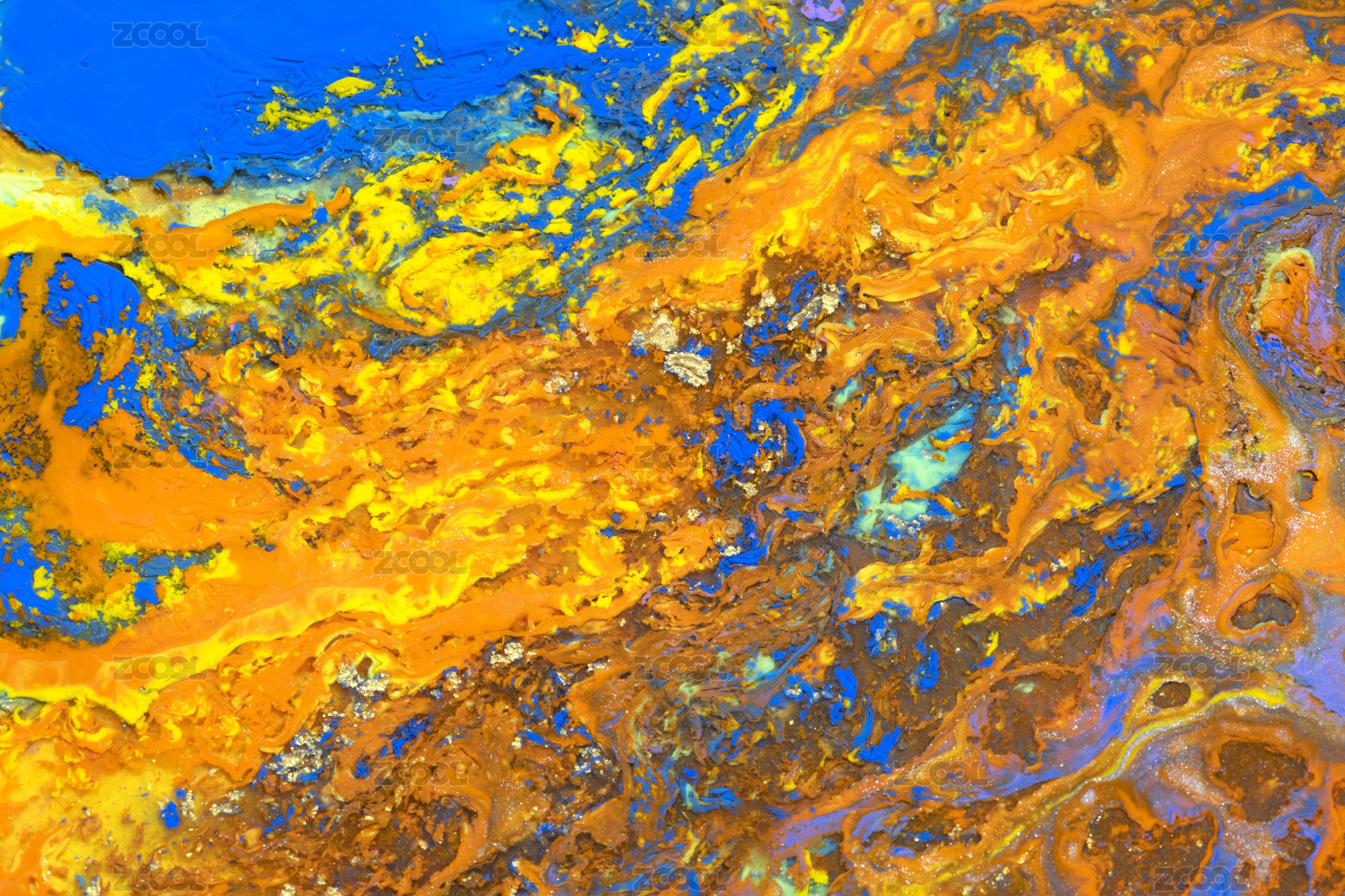 各种颜料融合流淌
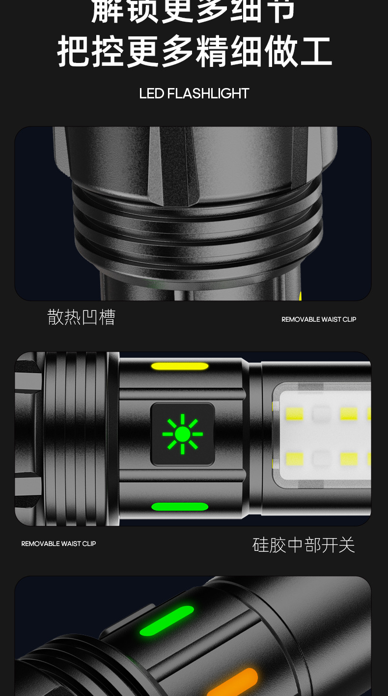 SLH-M115 백색 레이저 손전등 충전식 휴대용 강한 빛 야외 긴 내구성 다기능 알루미늄 합금 작업 조명스토어 가기
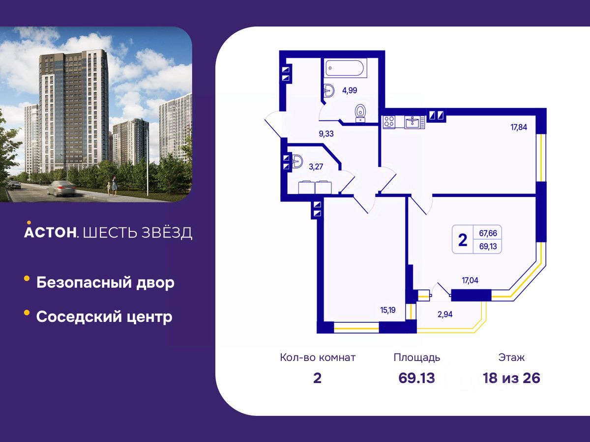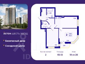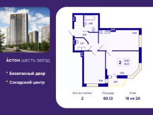 Продается 2-комн. квартира от застройщика с предчистовой отделкой в ЖК "Астон. Шесть Звезд" на 18 этаже. Общая площадь: 69.13 кв.м., жилая: 32.23 кв.м., площадь просторной кухни-столовой: 17.84 кв.м. Квартира угловая, очень светлая, естественная вентиляция при открытии окон. В квартире одна лоджия, один совмещенный и один раздельный санузел. Высота потолков 2.65 м.
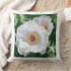 Een heldere witte pioen op het kussen van de worp.
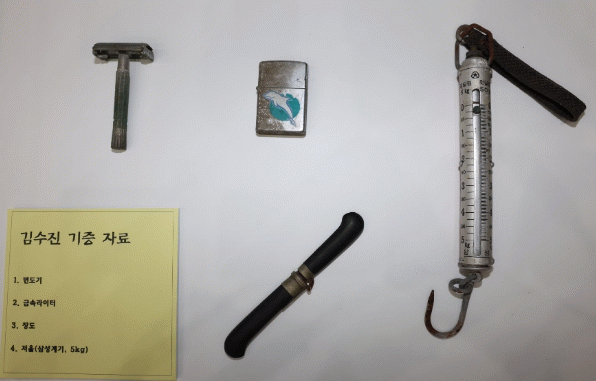 전시된 자료는 ▲법성면 제4대 면장 나칠순의 후손이 기증한 임명장 ▲나칠순의 아들인 나환문이 받은 감사장 ▲1937년 8월 법성체육회에서 주최한 수영대회 ▲용덕1리 발막마을 김수진이 기증한 목제함 ▲생활용품, 활(弓) 등이다.
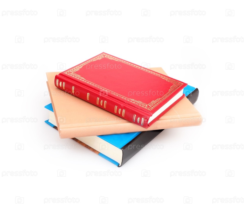 Куча книг в цветных обложках с белыми листами, изолированными на белом фоне
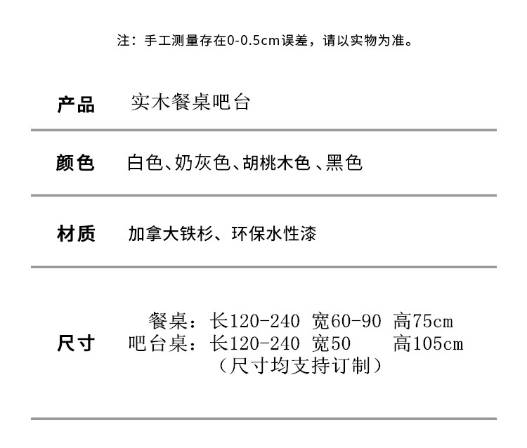 • 바 테이블: 180 × 50 × 105 5cm 두께
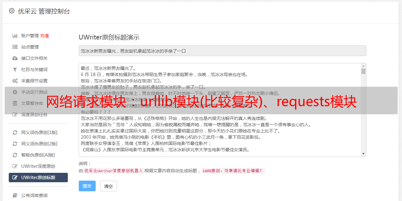 优采云 发布时间: 2021-04-25 20:03网络请求模块:urllib模块(比较复杂)、requests模块
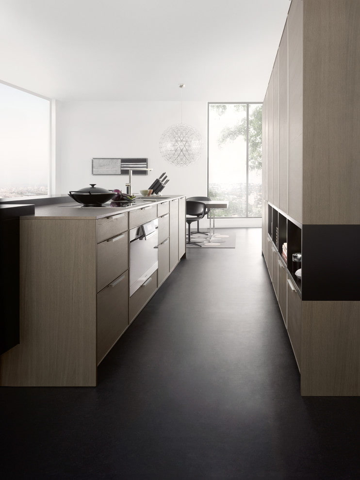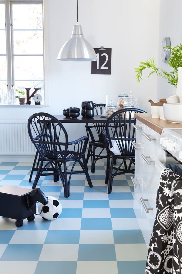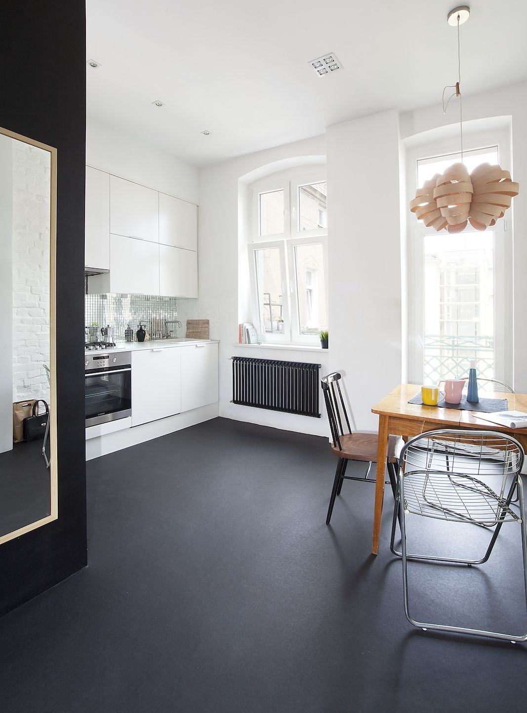 In the photo, black dark linoleum in a Scandinavian-style kitchen.
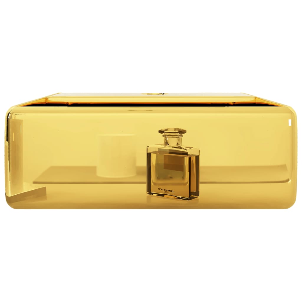 Questo lavabo non solo è pratico nell'uso quotidiano, ma costituisce anche un elemento decorativo in qualsiasi ambiente. Grazie al suo design di tendenza e contemporaneo, caratterizzato da un colore oro brillante, il lavabo si adatta alla perfezione a qualsiasi stile di arredamento. Realizzato in ceramica, il lavello è molto facile da pulire. La finitura lucida fornisce al prodotto un ulteriore tocco di stile. Il lavello è dotato di un foro per l'installazione di un rubinetto.
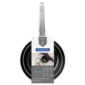 O conjunto de frigideiras Tramontina é composto por 2 peças, produzidas em alumínio com revestimento interno antiaderente em Starflon Premium material que não gruda, é fácil de limpar, mais durável e não prejudicial a sua saúde. Possuem espessura de 3 milímetros e proporcionam um cozimento rápido e uniforme dos alimentos. O cabo é metálico com proteção de silicone, que reduz a propagação de calor e garante um manuseio muito mais confortável e seguro. Produto altamente resistente que permite que seja levada à máquina de lavar louças, facilitando seu dia a dia na cozinha!
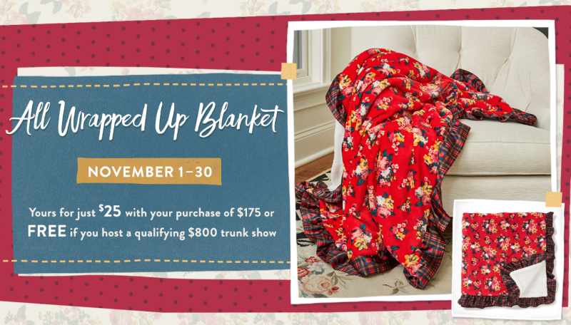 OMGosh, the November promo IS TO DIE FOR! This blanket ๐ Posted on October 30, 2018 by dkteel Share this: Share on X (Opens in new window) X Share on Facebook (Opens in new window) Facebook Like Loading... Related
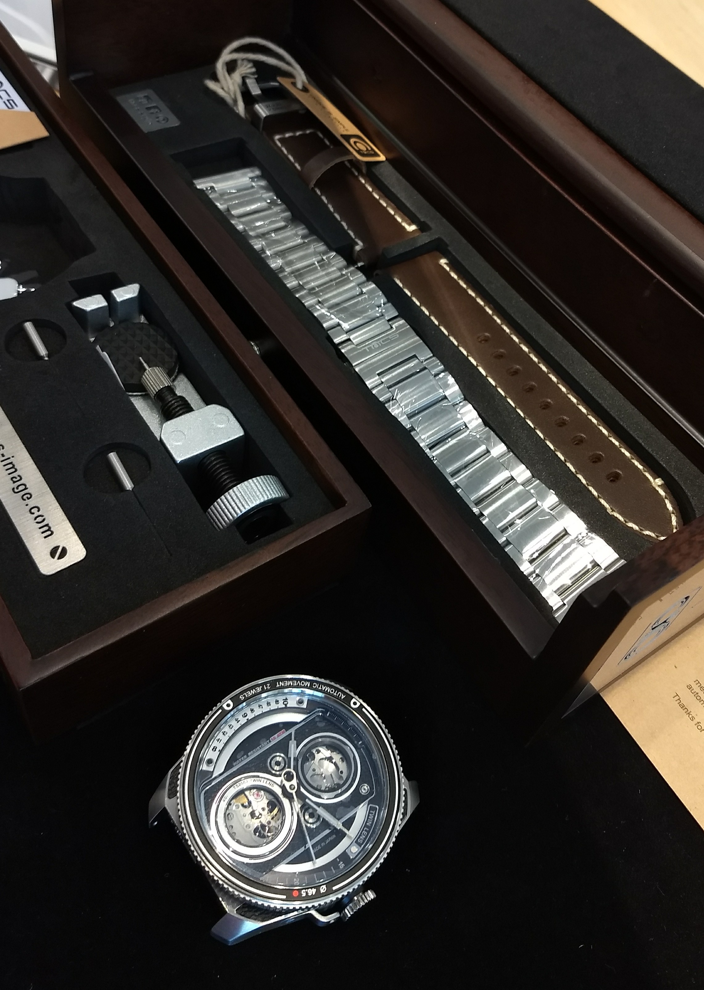 Ik heb gewoon minuten lang naar je eerste afbeelding zitten kijken en me af zitten vragen hoe je daar in 's hemelsnaam de tijd op afleest. Een puzzel, 'n mysterie. Toen kwam ik erachter dat ik naar de caseback zat te kijken…
★ ★ ★
Exercise aim: Output all the entries exactly, minus any pictures.

Answer box:
 各种颜料融合流淌
 SLH-M115 백색 레이저 손전등 충전식 휴대용 강한 빛 야외 긴 내구성 다기능 알루미늄 합금 작업 조명스토어 가기
 Продается 2-комн. квартира от застройщика с предчистовой отделкой в ЖК "Астон. Шесть Звезд" на 18 этаже. Общая площадь: 69.13 кв.м., жилая: 32.23 кв.м., площадь просторной кухни-столовой: 17.84 кв.м. Квартира угловая, очень светлая, естественная вентиляция при открытии окон. В квартире одна лоджия, один совмещенный и один раздельный санузел. Высота потолков 2.65 м.
 Een heldere witte pioen op het kussen van de worp.
 전시된 자료는 ▲법성면 제4대 면장 나칠순의 후손이 기증한 임명장 ▲나칠순의 아들인 나환문이 받은 감사장 ▲1937년 8월 법성체육회에서 주최한 수영대회 ▲용덕1리 발막마을 김수진이 기증한 목제함 ▲생활용품, 활(弓) 등이다.
 Куча книг в цветных обложках с белыми листами, изолированными на белом фоне
 • 바 테이블: 180 × 50 × 105 5cm 두께
 优采云 发布时间: 2021-04-25 20:03网络请求模块:urllib模块(比较复杂)、requests模块
 In the photo, black dark linoleum in a Scandinavian-style kitchen.
 Questo lavabo non solo è pratico nell'uso quotidiano, ma costituisce anche un elemento decorativo in qualsiasi ambiente. Grazie al suo design di tendenza e contemporaneo, caratterizzato da un colore oro brillante, il lavabo si adatta alla perfezione a qualsiasi stile di arredamento. Realizzato in ceramica, il lavello è molto facile da pulire. La finitura lucida fornisce al prodotto un ulteriore tocco di stile. Il lavello è dotato di un foro per l'installazione di un rubinetto.
 O conjunto de frigideiras Tramontina é composto por 2 peças, produzidas em alumínio com revestimento interno antiaderente em Starflon Premium material que não gruda, é fácil de limpar, mais durável e não prejudicial a sua saúde. Possuem espessura de 3 milímetros e proporcionam um cozimento rápido e uniforme dos alimentos. O cabo é metálico com proteção de silicone, que reduz a propagação de calor e garante um manuseio muito mais confortável e seguro. Produto altamente resistente que permite que seja levada à máquina de lavar louças, facilitando seu dia a dia na cozinha!
 OMGosh, the November promo IS TO DIE FOR! This blanket ๐ Posted on October 30, 2018 by dkteel Share this: Share on X (Opens in new window) X Share on Facebook (Opens in new window) Facebook Like Loading... Related
 Ik heb gewoon minuten lang naar je eerste afbeelding zitten kijken en me af zitten vragen hoe je daar in 's hemelsnaam de tijd op afleest. Een puzzel, 'n mysterie. Toen kwam ik erachter dat ik naar de caseback zat te kijken…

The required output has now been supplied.